November/December 2004
In March 2004, a fire — eventually determined by the Fire Department to be purposeful arson — was started within Laguna Honda Hospital.  Now there has been a fire set in the Forest Hill neighborhood by homeless people, endangering not only LHH’s neighboring homeowners concerned about the increasing number of homeless encampments surrounding LHH, but also threatening the LHH campus.

Health Commission
President Chow’s 1999 Letter to AsianWeek

October 28, 1999

In this AsianWeek article, Dr. Chow noted that during the 1990 decade, Asian American admissions into Laguna Honda Hospital had risen to 17 percent of the total number of LHH residents, and that number would go even higher as the population of San Francisco ages. Chow also noted that over 58 percent of the healthcare professionals at LHH are Asian American, “making it a good economic reason to keep the public hospital open” in order to provide those jobs for the Asian American community.

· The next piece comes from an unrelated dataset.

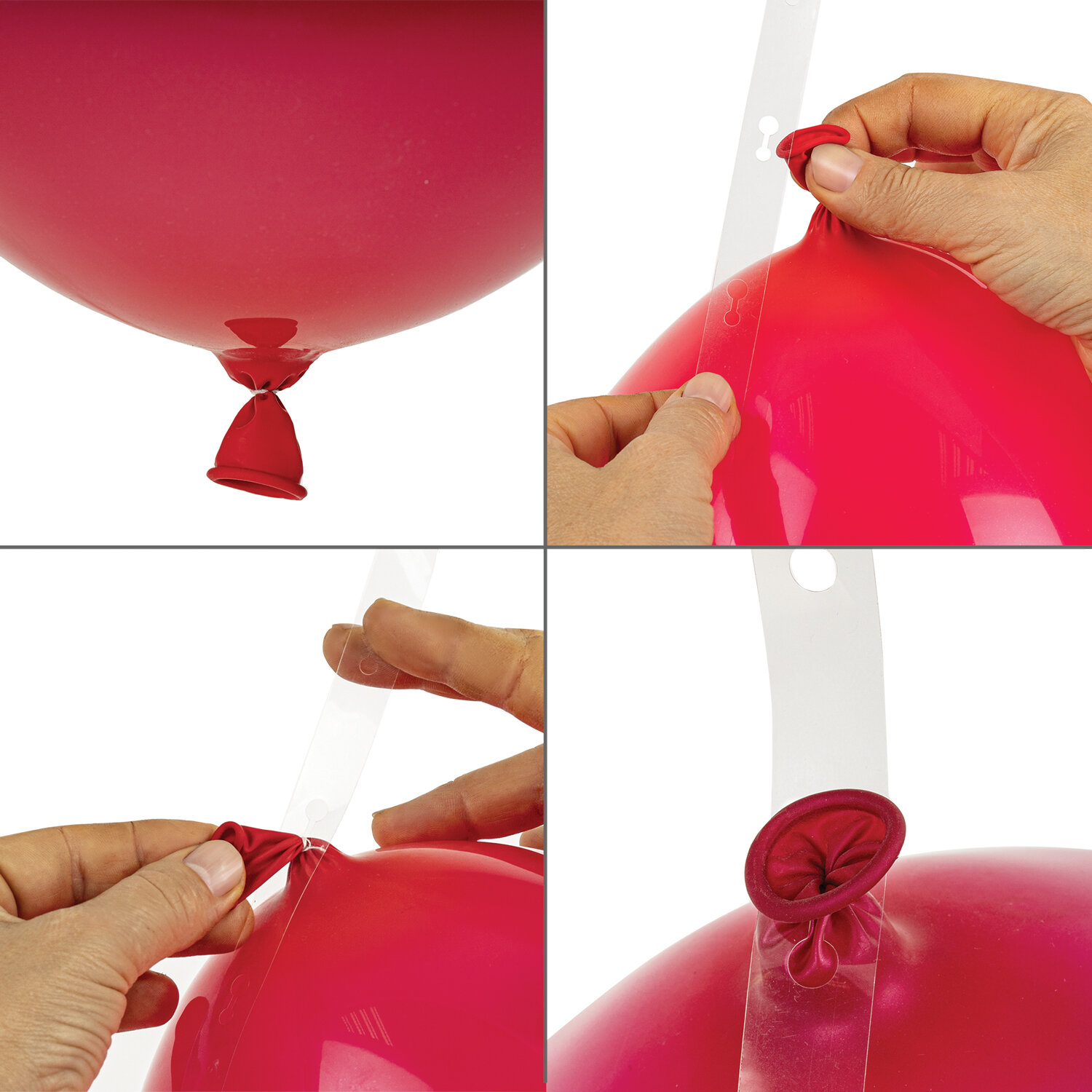Полипропиленовая соединительная лента для крепления воздушных шаров различных размеров предназначена для моделирования гирлянд, арок, различных фигур из шаров. Чтобы использовать ленту для изготовления гирлянды из шаров, необходимо просто продеть в широкое отверстие завязанный «хвостик» надутого шарика, а затем сдвинуть его в отверстие меньшего диаметра, таким образом зафиксировав воздушный шарик. Лента, как держатель, помогает оформить шары в композицию.

However, now five years later, there is great concern that the replacement facility for LHH may cut the number of beds from 1,200 to perhaps as few as only 800 due to a $44 million to $50 million cost overrun. Indeed, one of the goals in the recently approved and updated Department of Public Health strategic plan is to complete the LHH facility “on budget” and “on schedule,” making no mention of “on scope” ... meaning, not at the full 1,200 beds promised voters who passed the bond measure to finance the rebuild project.

There are anecdotal reports that Asian employees at Laguna Honda Hospital have noted a decline in Chinese referrals to LHH, and they are quite concerned about both the loss in the number of beds that will be available to the Asian community, and also the loss of jobs of Asian American employees at LHH should the facility be downsized.